# Postal strikes are back



## Evolution (May 22, 2007)

Just to let you know there will be postal strikes from lunch time on Thursday the 4th Oct to Wednesday the 10th oct.

Please be aware of this when placing orders. 

I would suggest selecting one of the courier services as these will be unaffected.

Thanky you

Pete


----------



## odyssey (Oct 23, 2006)

why do they always strike when im waiting for stuff to come. if they dont like the job or pay cant they just get a new bloody job. winds me up it does. 
:-x


----------



## Evolution (May 22, 2007)

It does make my life difficult!


----------



## Marinam2 (Sep 4, 2007)

No its def 5th- 9th. My post office told me when i was dropping post off that they would not be taking anything during that time so as not to end up with backlog.

Marina


----------



## Pincers n Paws (Aug 22, 2007)

I have just received a rmsd parcel. The guy is a regular postie and asked if it was more arachnids, told him they were coming friday.
He informed me that the strike is from tomorrow 4th october until wednesday next week and not to order any livestock until then.
Don't know if this is the whole country thats affected but definately west yorkshire!


----------



## odyssey (Oct 23, 2006)

http://www.royalmail.com/portal/rm/content1?catId=1000002&mediaId=51600692

above link states when and how long the strikes will be. just hope i get my parcel in the morning.
luckily its not anything live or frozen.


----------



## SilverSteno (Feb 12, 2006)

Damned :censor: :cussing:

I hate the postal workers. Bunch of :cussing::cussing: if they don't like their pay that much they should get a different job like any normal sensible person would instead of making other people suffer!


----------



## K.J.Geckos (Sep 7, 2006)

odyssey said:


> why do they always strike when im waiting for stuff to come. if they dont like the job or pay cant they just get a new bloody job. winds me up it does.
> :-x


maybe you should write to royal mail and complain then we would get a pay rise! also try thinking of others that may be offended by what you say as i know there is a fair few on here that do have people related who work for royal mail.my other half is a CWU union rep so ill be out on the picket tomorrow.oh god i can feel the acheing feet already


----------



## K.J.Geckos (Sep 7, 2006)

also parcels are not affected as parcel force were given a pay rise so also bear that in mind before you slag everyone off will you.
strikes are thurs 12-sat12.mon.tues


----------



## sami (Oct 23, 2006)

Silvershark said:


> Damned :censor: :cussing:
> 
> I hate the postal workers. Bunch of :cussing::cussing: if they don't like their pay that much they should get a different job like any normal sensible person would instead of making other people suffer!


 
Because it's that easy isn't it...

It's dead easy just to walk out of a job and walk into another one the next day...

:roll:

Grow up.

Mason


----------



## K.J.Geckos (Sep 7, 2006)

quixotic_axolotl said:


> Because it's that easy isn't it...
> 
> It's dead easy just to walk out of a job and walk into another one the next day...
> 
> ...


well said hunny: victory:


----------



## Joey (Jul 29, 2007)

Well yes... the whole idea of a strike is... you show just how important you job is (i.e. that things go to shit when you take it away), in order to get the pay you deserve!

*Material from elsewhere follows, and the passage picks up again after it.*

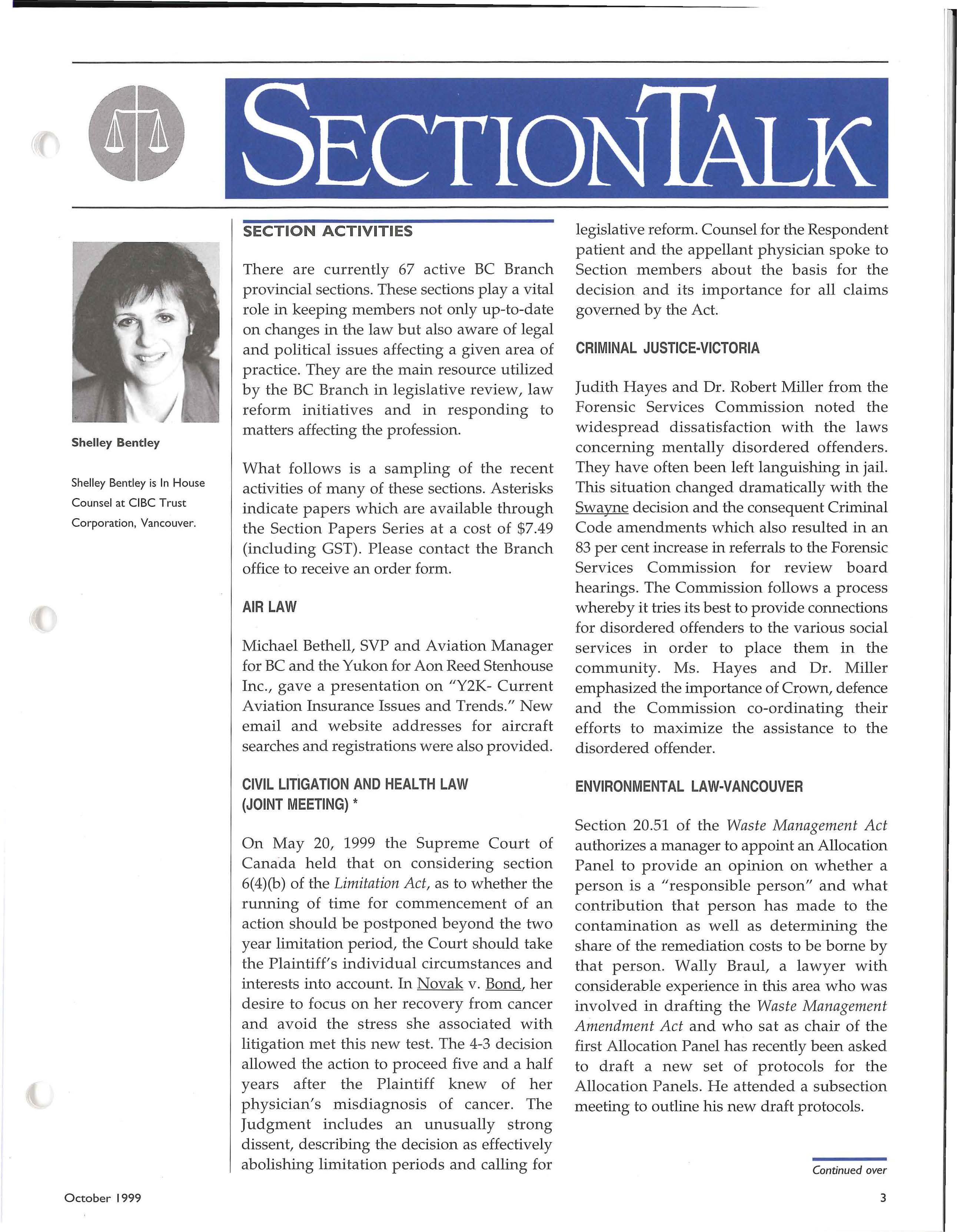 She ll ey Bent ley is In House Counsel at C IBC T rust Corporation, Vancouver.

Some slightly childish comments, but yes I do work in an office atm and it just shows you how much you depend on the regularity and effciency of the mail. It's an inconvience to be sure but you have to understand.

Hope they get a rise and this all gets sorted.


----------



## K.J.Geckos (Sep 7, 2006)

Joey said:


> Well yes... the whole idea of a strike is... you show just how important you job is (i.e. that things go to shit when you take it away), in order to get the pay you deserve!
> 
> Some slightly childish comments, but yes I do work in an office atm and it just shows you how much you depend on the regularity and effciency of the mail. It's an inconvience to be sure but you have to understand.
> 
> Hope they get a rise and this all gets sorted.

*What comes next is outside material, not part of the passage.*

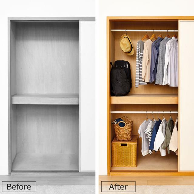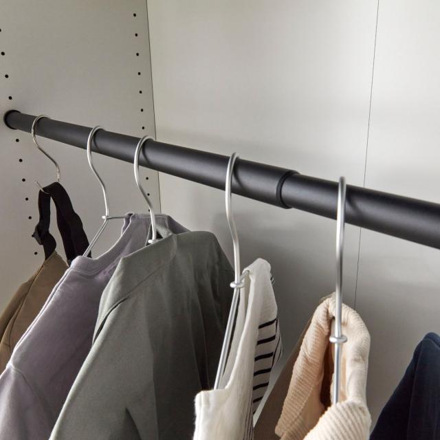 季節ごとのワードローブを掛けるハンガーポールは、荷重による落下が気になるものです。こちらはねじでしっかり固定する構造のため、設定荷重内であれば安心してご使用いただけます。

thats the thing though we aint fighting for the pay rise we are strikeing for the 40,000 job cuts the 200 futher post offices to close and basicly the fact the managers treat the workers like crap.its about time we stood up to them an 36.000 people is a hell of a lot of people who are "needing to get a new job if they dont like theirs now" how can that be wrong?


----------



## SilverSteno (Feb 12, 2006)

The whole idea is to modernise. Royal Mail is a buisness, and like everything else has to change and evolve to suit new circumstances. If RM doesn't modernise and improve their efficiency and service then no one there will have a job because the service won't exist. 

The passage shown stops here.